Autonome wapensystemen (Lethal Autonomous Weapon Systems – LAWS)

Zoals beschreven in de Kamerbrief van 20 september 2019 (Kamerstuk Kamerstuk 33 694 nr. 48) werkt Nederland in VN-verband actief mee aan de operationele en normatieve kaders voor het gebruik van autonome wapensystemen. Deze gesprekken vinden plaats in de Group of Governmental Experts (GGE) on Lethal Autonomous Weapons Systems (LAWS), gemandateerd door de verdragspartijen bij de Convention on Certain Conventional Weapons (CCW).

In 2018 en 2019 zijn elf «Guiding Principles» voor de ontwikkeling en het gebruik van autonome wapensystemen opgesteld. Met behulp van juridische, technologische en militaire expertise wordt aan de hand van deze principles gewerkt aan het uitbreiden en de verdere verduidelijking van de bestaande operationele en normatieve kaders. In 2020 zijn door Covid-19 de gesprekken hierover vertraagd, maar inmiddels in hybride vorm weer voortgezet. De inzet van Nederland is er onder andere op gericht dat autonome wapensystemen altijd onder betekenisvolle menselijke control moeten staan. Binnen de GGE bestaat er consensus over het belang van enige vorm van menselijke betrokkenheid, maar over de exacte definitie is nog geen overeenstemming bereikt. Nederland heeft gedurende de meest recente sessie van de GGE (21-26 september 2020) gepleit om verder te kijken naar hoe het internationaal recht van toepassing is bij de inzet van semi-autonome wapensystemen in de operationele context, bijvoorbeeld ten aanzien van de interactie tussen mens en machine. De volgende GGE sessie vindt begin november plaats. Nederland hoopt dat er richting de toetsingsconferentie van de CCW in november 2021 meer inzicht en verduidelijking komt over de normatieve en operationele context waarin semi-autonome wapensystemen opereren.

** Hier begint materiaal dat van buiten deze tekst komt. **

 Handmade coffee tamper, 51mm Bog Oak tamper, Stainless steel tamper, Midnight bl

De kabinetspositie t.a.v. autonome wapensystemen berust grotendeels op het in 2015 gepubliceerde advies «Autonome Wapensystemen, de noodzaak van betekenisvolle menselijke controle» van een gecombineerde commissie van de Adviesraad Internationale Vraagstukken (AIV) en de Commissie van Advies inzake Volkenrechtelijke Vraagstukken (CAVV).1 De context van nu is anders dan vijf jaar geleden. De ontwikkelingen op het gebied van technologie volgen elkaar in hoog tempo op. Naar verwachting zal er in aanloop naar de vijfjaarlijkse toetsingsconferentie van de CCW in november 2021 een nieuw AIV/CAVV advies uitkomen. Op grond van dit advies zal het kabinet zijn positie t.a.v. autonome wapensystemen evalueren.

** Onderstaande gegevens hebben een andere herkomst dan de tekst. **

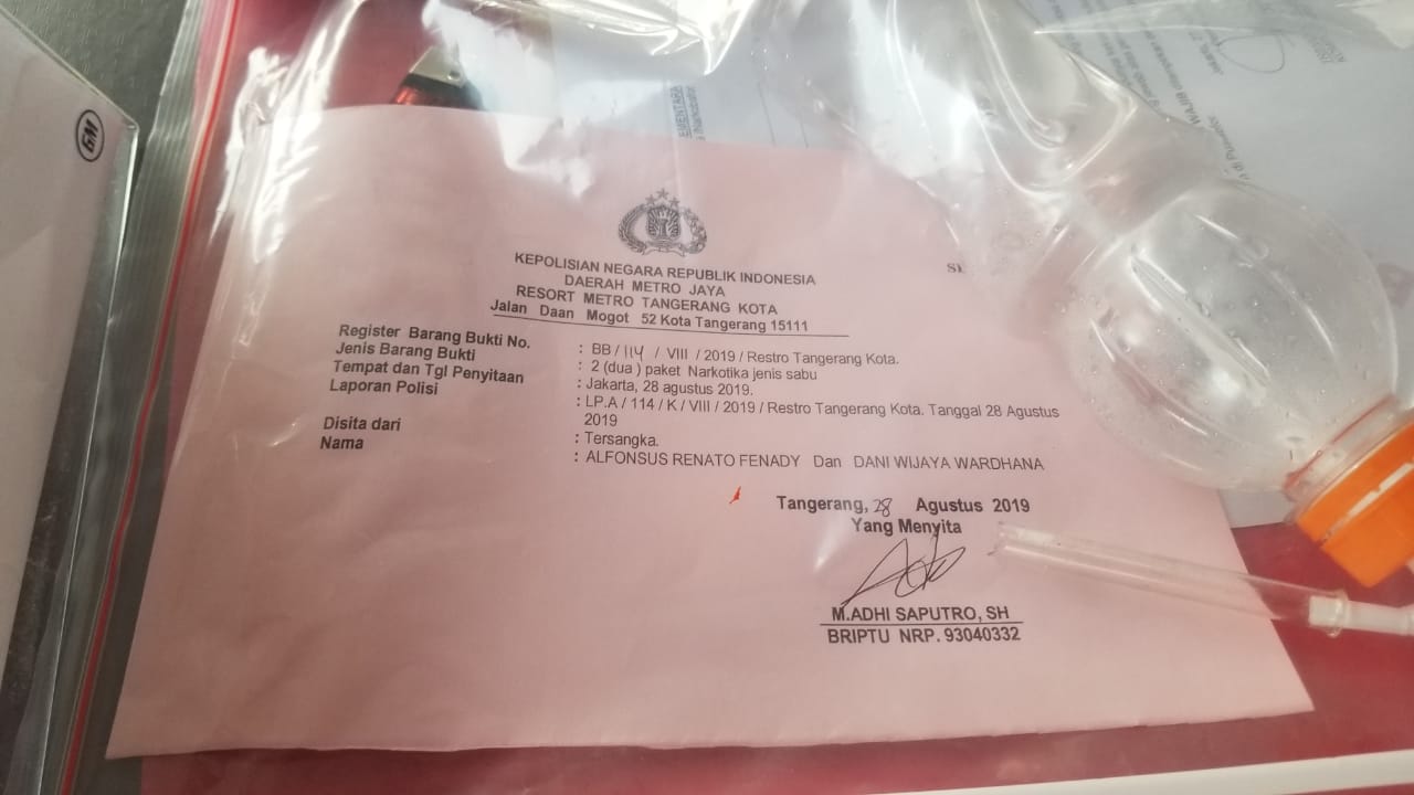 Kapolres Metro Tangerang Kota Kombes Abdul Karim mengatakan, keduanya ditangkap di sebuah indekos, Jalan Salemba Tengah, Jakarta Pusat pada Minggu (25/8/2019). Mereka diamankan setelah petugas mendapatkan informasi dari masyarakat terkait peredaran sabu di kawasan Cipadu, Kota Tangerang.

Met de nieuwe inzichten die worden opgedaan zal Nederland een actieve rol blijven spelen in internationale discussies en kijken waar het initiatieven kan nemen. Ook zal ik bij verschillende internationale gelegenheden aandacht blijven vragen voor de veiligheidsimplicaties van nieuwe technologieën. Ik zal uw Kamer blijven informeren over de voortgang.

De Minister van Buitenlandse Zaken, S.A. Blok


X Noot
1

Kabinetsreactie op het advies: Kamerstuk 34 300 X, nr. 88.